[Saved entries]

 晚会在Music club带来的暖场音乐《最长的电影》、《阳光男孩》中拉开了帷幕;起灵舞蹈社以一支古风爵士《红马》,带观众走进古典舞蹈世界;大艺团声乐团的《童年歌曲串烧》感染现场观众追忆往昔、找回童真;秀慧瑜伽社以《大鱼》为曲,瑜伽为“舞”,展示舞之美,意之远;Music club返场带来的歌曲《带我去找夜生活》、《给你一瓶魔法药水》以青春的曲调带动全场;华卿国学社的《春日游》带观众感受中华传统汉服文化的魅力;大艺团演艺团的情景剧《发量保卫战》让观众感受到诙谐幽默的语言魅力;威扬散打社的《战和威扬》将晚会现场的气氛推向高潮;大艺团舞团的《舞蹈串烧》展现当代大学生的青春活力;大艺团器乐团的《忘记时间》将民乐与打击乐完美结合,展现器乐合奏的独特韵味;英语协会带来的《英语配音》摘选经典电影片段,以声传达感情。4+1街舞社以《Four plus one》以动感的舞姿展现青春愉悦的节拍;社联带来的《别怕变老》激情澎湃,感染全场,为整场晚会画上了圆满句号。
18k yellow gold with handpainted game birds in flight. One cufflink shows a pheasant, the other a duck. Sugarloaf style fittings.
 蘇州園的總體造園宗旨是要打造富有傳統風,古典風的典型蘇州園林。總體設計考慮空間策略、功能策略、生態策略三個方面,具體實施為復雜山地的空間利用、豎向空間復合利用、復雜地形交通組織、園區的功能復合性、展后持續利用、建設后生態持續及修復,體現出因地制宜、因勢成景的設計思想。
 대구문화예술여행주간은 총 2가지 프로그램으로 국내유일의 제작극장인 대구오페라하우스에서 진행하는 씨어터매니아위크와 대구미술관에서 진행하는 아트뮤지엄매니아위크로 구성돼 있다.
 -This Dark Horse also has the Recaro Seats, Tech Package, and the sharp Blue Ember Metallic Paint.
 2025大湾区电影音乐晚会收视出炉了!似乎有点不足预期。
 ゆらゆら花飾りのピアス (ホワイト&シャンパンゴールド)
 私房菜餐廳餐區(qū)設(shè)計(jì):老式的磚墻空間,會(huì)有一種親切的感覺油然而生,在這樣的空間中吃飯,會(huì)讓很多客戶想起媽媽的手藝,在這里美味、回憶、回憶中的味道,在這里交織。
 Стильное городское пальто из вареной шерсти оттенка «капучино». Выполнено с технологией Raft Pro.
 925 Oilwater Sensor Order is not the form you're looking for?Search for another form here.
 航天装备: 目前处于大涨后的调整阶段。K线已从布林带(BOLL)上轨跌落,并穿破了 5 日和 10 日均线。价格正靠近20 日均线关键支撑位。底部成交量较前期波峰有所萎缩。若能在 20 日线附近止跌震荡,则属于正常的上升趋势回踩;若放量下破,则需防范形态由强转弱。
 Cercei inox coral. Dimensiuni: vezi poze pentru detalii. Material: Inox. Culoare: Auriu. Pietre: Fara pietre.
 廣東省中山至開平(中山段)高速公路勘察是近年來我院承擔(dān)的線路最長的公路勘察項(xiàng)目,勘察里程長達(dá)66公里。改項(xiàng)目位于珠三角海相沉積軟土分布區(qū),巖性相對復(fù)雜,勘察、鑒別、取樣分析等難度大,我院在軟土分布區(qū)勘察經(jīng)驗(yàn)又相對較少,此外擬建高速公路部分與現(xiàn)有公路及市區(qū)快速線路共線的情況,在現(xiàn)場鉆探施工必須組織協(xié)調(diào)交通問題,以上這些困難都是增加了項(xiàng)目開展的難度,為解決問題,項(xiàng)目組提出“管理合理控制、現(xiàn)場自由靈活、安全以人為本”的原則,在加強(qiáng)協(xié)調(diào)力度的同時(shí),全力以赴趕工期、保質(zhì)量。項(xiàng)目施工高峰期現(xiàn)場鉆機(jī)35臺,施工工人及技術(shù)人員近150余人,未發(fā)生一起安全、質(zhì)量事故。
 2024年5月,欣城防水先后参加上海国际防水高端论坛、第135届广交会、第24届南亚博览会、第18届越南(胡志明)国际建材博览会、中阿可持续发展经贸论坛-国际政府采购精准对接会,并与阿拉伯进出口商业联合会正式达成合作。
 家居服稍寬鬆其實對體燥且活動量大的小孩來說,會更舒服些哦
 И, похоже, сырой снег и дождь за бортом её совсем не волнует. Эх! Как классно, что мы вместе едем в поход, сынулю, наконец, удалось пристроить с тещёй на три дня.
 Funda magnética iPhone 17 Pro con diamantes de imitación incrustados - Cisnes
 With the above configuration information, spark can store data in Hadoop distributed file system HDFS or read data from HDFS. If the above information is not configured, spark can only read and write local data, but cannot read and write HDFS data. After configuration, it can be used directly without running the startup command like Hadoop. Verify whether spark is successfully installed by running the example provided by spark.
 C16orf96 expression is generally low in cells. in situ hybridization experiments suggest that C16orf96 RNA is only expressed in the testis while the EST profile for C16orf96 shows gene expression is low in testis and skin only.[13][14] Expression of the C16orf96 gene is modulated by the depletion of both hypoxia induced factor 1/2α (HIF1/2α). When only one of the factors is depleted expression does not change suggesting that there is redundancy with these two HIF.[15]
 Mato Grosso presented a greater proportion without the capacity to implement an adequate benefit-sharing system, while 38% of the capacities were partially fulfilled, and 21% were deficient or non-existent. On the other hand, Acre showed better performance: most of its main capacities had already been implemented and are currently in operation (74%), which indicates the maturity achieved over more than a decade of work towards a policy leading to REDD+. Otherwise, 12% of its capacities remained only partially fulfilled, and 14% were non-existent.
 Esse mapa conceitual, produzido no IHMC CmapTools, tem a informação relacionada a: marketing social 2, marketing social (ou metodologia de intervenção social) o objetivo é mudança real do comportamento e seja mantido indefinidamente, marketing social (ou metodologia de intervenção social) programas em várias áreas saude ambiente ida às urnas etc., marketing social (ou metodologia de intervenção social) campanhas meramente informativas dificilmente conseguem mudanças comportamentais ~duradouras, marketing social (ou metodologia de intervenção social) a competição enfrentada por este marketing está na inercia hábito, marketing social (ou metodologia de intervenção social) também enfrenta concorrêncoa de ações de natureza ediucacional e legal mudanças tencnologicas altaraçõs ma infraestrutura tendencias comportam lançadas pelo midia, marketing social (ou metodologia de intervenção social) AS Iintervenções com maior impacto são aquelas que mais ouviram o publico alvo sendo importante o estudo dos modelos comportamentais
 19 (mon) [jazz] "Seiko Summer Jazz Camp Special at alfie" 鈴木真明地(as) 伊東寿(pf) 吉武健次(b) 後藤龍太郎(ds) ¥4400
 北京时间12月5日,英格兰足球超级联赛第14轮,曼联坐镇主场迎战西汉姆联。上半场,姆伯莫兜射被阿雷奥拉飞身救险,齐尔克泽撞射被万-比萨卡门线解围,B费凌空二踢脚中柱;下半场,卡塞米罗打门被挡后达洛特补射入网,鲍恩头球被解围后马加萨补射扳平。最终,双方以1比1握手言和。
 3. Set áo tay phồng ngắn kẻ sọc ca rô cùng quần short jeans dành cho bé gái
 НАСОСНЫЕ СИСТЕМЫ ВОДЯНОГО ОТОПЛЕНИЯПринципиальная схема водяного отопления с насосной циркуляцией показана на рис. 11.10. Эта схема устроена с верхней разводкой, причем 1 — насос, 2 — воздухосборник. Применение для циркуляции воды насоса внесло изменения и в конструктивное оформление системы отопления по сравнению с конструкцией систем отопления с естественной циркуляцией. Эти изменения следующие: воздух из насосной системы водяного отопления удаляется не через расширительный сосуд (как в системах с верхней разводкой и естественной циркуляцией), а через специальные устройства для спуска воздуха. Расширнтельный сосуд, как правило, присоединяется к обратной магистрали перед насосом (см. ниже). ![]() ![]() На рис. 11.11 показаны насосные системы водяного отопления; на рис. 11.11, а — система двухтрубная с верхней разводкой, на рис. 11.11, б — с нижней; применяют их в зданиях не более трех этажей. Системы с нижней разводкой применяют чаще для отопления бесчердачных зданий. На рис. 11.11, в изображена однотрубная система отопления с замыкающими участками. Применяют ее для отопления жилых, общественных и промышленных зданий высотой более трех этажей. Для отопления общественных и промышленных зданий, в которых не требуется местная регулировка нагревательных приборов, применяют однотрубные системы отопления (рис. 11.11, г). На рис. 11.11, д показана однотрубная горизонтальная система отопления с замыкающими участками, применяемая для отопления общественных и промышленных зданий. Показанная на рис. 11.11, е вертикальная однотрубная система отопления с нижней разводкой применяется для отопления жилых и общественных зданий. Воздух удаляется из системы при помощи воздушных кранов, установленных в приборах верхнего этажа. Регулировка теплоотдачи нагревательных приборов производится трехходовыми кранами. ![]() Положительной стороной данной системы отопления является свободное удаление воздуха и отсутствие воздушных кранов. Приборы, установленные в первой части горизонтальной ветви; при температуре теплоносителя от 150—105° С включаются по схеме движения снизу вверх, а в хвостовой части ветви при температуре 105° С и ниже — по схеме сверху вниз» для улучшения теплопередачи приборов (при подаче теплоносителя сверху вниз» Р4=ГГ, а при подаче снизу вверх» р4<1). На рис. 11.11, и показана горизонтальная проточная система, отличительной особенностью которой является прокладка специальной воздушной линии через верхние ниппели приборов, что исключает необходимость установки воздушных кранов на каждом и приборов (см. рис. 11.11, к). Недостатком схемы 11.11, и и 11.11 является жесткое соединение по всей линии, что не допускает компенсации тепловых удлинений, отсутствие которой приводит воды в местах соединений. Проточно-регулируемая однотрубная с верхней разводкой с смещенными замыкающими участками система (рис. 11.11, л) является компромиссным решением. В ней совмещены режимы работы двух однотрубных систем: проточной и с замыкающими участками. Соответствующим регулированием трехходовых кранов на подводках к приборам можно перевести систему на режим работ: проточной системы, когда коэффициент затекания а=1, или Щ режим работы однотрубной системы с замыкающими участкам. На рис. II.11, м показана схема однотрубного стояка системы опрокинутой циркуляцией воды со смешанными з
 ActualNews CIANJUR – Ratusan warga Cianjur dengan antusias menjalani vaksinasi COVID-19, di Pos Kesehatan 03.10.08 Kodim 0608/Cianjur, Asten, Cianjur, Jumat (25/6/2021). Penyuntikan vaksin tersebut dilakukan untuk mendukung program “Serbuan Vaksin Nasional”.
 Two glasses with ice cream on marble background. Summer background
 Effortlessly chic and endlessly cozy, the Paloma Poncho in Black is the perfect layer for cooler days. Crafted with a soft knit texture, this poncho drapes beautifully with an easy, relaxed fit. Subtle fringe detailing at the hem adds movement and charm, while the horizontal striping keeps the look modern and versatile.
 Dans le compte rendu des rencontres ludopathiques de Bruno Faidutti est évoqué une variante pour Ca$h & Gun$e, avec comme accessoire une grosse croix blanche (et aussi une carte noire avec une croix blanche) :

* _How to complete this task_
Above are the records; print exactly the lines from the line with "ゆらゆら花飾りのピアス (ホワイト&シャンパンゴールド)" to the line with "Funda magnética iPhone", including both, and nothing else.

* _Result_
 ゆらゆら花飾りのピアス (ホワイト&シャンパンゴールド)
 私房菜餐廳餐區(qū)設(shè)計(jì):老式的磚墻空間,會(huì)有一種親切的感覺油然而生,在這樣的空間中吃飯,會(huì)讓很多客戶想起媽媽的手藝,在這里美味、回憶、回憶中的味道,在這里交織。
 Стильное городское пальто из вареной шерсти оттенка «капучино». Выполнено с технологией Raft Pro.
 925 Oilwater Sensor Order is not the form you're looking for?Search for another form here.
 航天装备: 目前处于大涨后的调整阶段。K线已从布林带(BOLL)上轨跌落,并穿破了 5 日和 10 日均线。价格正靠近20 日均线关键支撑位。底部成交量较前期波峰有所萎缩。若能在 20 日线附近止跌震荡,则属于正常的上升趋势回踩;若放量下破,则需防范形态由强转弱。
 Cercei inox coral. Dimensiuni: vezi poze pentru detalii. Material: Inox. Culoare: Auriu. Pietre: Fara pietre.
 廣東省中山至開平(中山段)高速公路勘察是近年來我院承擔(dān)的線路最長的公路勘察項(xiàng)目,勘察里程長達(dá)66公里。改項(xiàng)目位于珠三角海相沉積軟土分布區(qū),巖性相對復(fù)雜,勘察、鑒別、取樣分析等難度大,我院在軟土分布區(qū)勘察經(jīng)驗(yàn)又相對較少,此外擬建高速公路部分與現(xiàn)有公路及市區(qū)快速線路共線的情況,在現(xiàn)場鉆探施工必須組織協(xié)調(diào)交通問題,以上這些困難都是增加了項(xiàng)目開展的難度,為解決問題,項(xiàng)目組提出“管理合理控制、現(xiàn)場自由靈活、安全以人為本”的原則,在加強(qiáng)協(xié)調(diào)力度的同時(shí),全力以赴趕工期、保質(zhì)量。項(xiàng)目施工高峰期現(xiàn)場鉆機(jī)35臺,施工工人及技術(shù)人員近150余人,未發(fā)生一起安全、質(zhì)量事故。
 2024年5月,欣城防水先后参加上海国际防水高端论坛、第135届广交会、第24届南亚博览会、第18届越南(胡志明)国际建材博览会、中阿可持续发展经贸论坛-国际政府采购精准对接会,并与阿拉伯进出口商业联合会正式达成合作。
 家居服稍寬鬆其實對體燥且活動量大的小孩來說,會更舒服些哦
 И, похоже, сырой снег и дождь за бортом её совсем не волнует. Эх! Как классно, что мы вместе едем в поход, сынулю, наконец, удалось пристроить с тещёй на три дня.
 Funda magnética iPhone 17 Pro con diamantes de imitación incrustados - Cisnes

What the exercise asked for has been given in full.